## RECORD SET
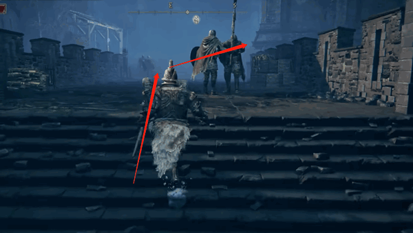 3、在走上后會有一个卡利亚骑(qi)士(shi),我们(women)本次(ci)不需要击败他,直走可以看到隱藏的路。
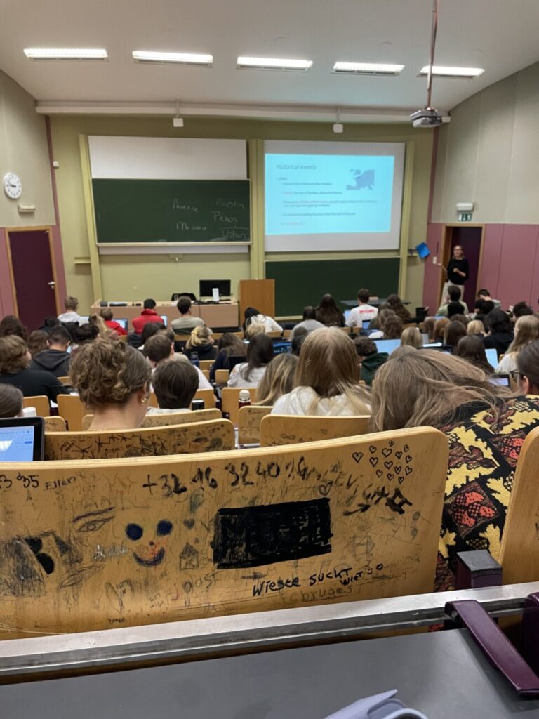 授業は英語で行われ、1コマ3時間と集中力を要しました。出席点がない授業も多く、試験やレポートで成績が決まるため興味のある授業を選び、事前に資料を読み込むことで理解を深めました。前期は教授の説明を聞き取ったりノートを取ったりするのに苦労しましたが、後期にはリスニング力が向上し、内容を十分に理解できるようになりました。グループワークやプレゼンテーションもあり、現地学生の進め方やアカデミックな構成に驚かされました。ゲント大学の学生は真面目で、成績評価も厳しいためか卒業に向けて真剣に取り組む姿勢から多くの刺激を受けました。
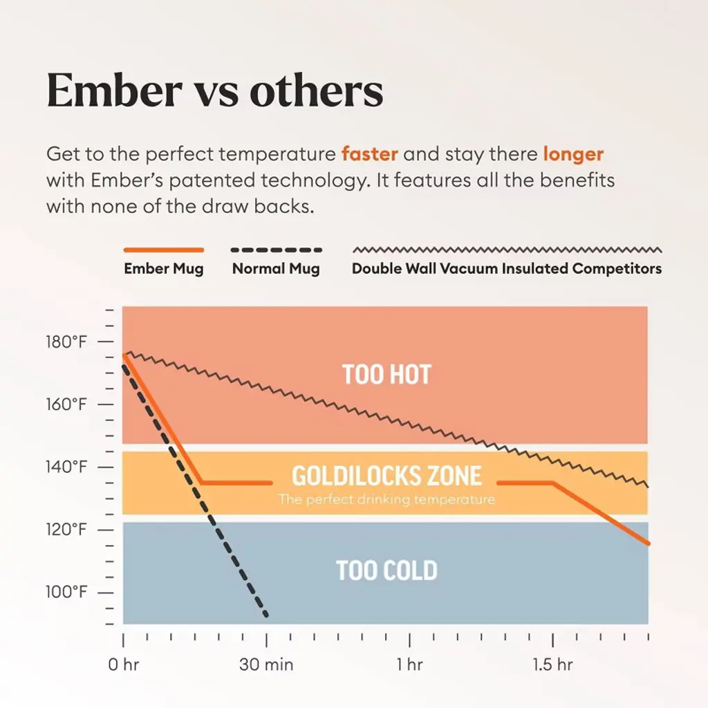 The new Ember Mug²: Metallic Collection features three brilliant hues perfect for any occasion. Whether you are at your desk or sipping by the fire, Ember Mug² in Copper, Gold and Stainless Steel will make every morning shine by allowing you to set your precise drinking temperature and maintain it for approximately 1.5 hours, so your hot beverage is perfect from the first sip to the last drop.
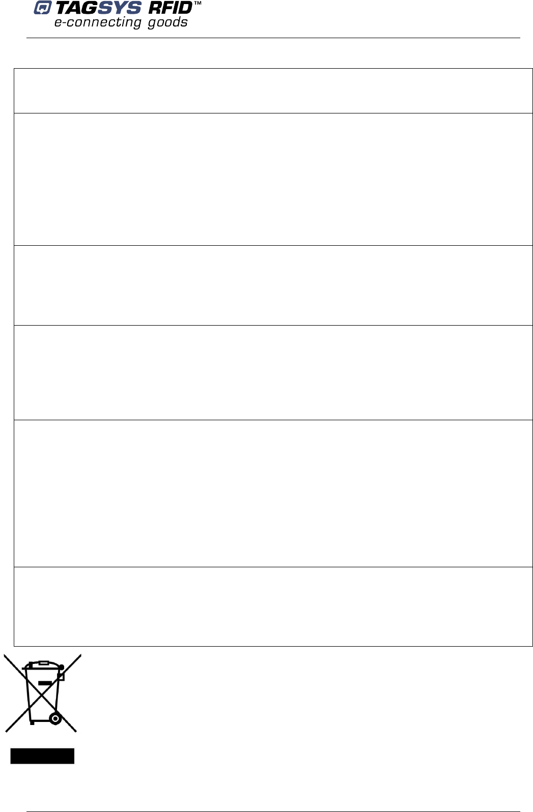 should you find a defect with this product, please notify your TAGSYS Quality Service
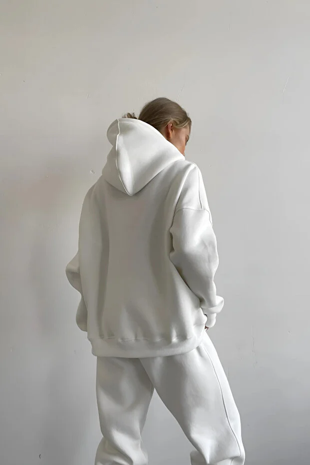 سويت شيرت بغطاء رأس من الصوف القطبي بمقاس كبير من GUARAZ باللون الأبيض للجنسين مصنوع من قماش ناعم
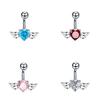Bauchnabelringe mit Engelsflügeln, herzförmiger Zirkonia-Nabelring, niedlicher baumelnder Nabel-Piercing-Schmuck

## TRY IT
Print all entries exactly, without images.

## SOLUTION FOR THIS EXERCISE
 3、在走上后會有一个卡利亚骑(qi)士(shi),我们(women)本次(ci)不需要击败他,直走可以看到隱藏的路。
 授業は英語で行われ、1コマ3時間と集中力を要しました。出席点がない授業も多く、試験やレポートで成績が決まるため興味のある授業を選び、事前に資料を読み込むことで理解を深めました。前期は教授の説明を聞き取ったりノートを取ったりするのに苦労しましたが、後期にはリスニング力が向上し、内容を十分に理解できるようになりました。グループワークやプレゼンテーションもあり、現地学生の進め方やアカデミックな構成に驚かされました。ゲント大学の学生は真面目で、成績評価も厳しいためか卒業に向けて真剣に取り組む姿勢から多くの刺激を受けました。
 The new Ember Mug²: Metallic Collection features three brilliant hues perfect for any occasion. Whether you are at your desk or sipping by the fire, Ember Mug² in Copper, Gold and Stainless Steel will make every morning shine by allowing you to set your precise drinking temperature and maintain it for approximately 1.5 hours, so your hot beverage is perfect from the first sip to the last drop.
 should you find a defect with this product, please notify your TAGSYS Quality Service
 سويت شيرت بغطاء رأس من الصوف القطبي بمقاس كبير من GUARAZ باللون الأبيض للجنسين مصنوع من قماش ناعم
Bauchnabelringe mit Engelsflügeln, herzförmiger Zirkonia-Nabelring, niedlicher baumelnder Nabel-Piercing-Schmuck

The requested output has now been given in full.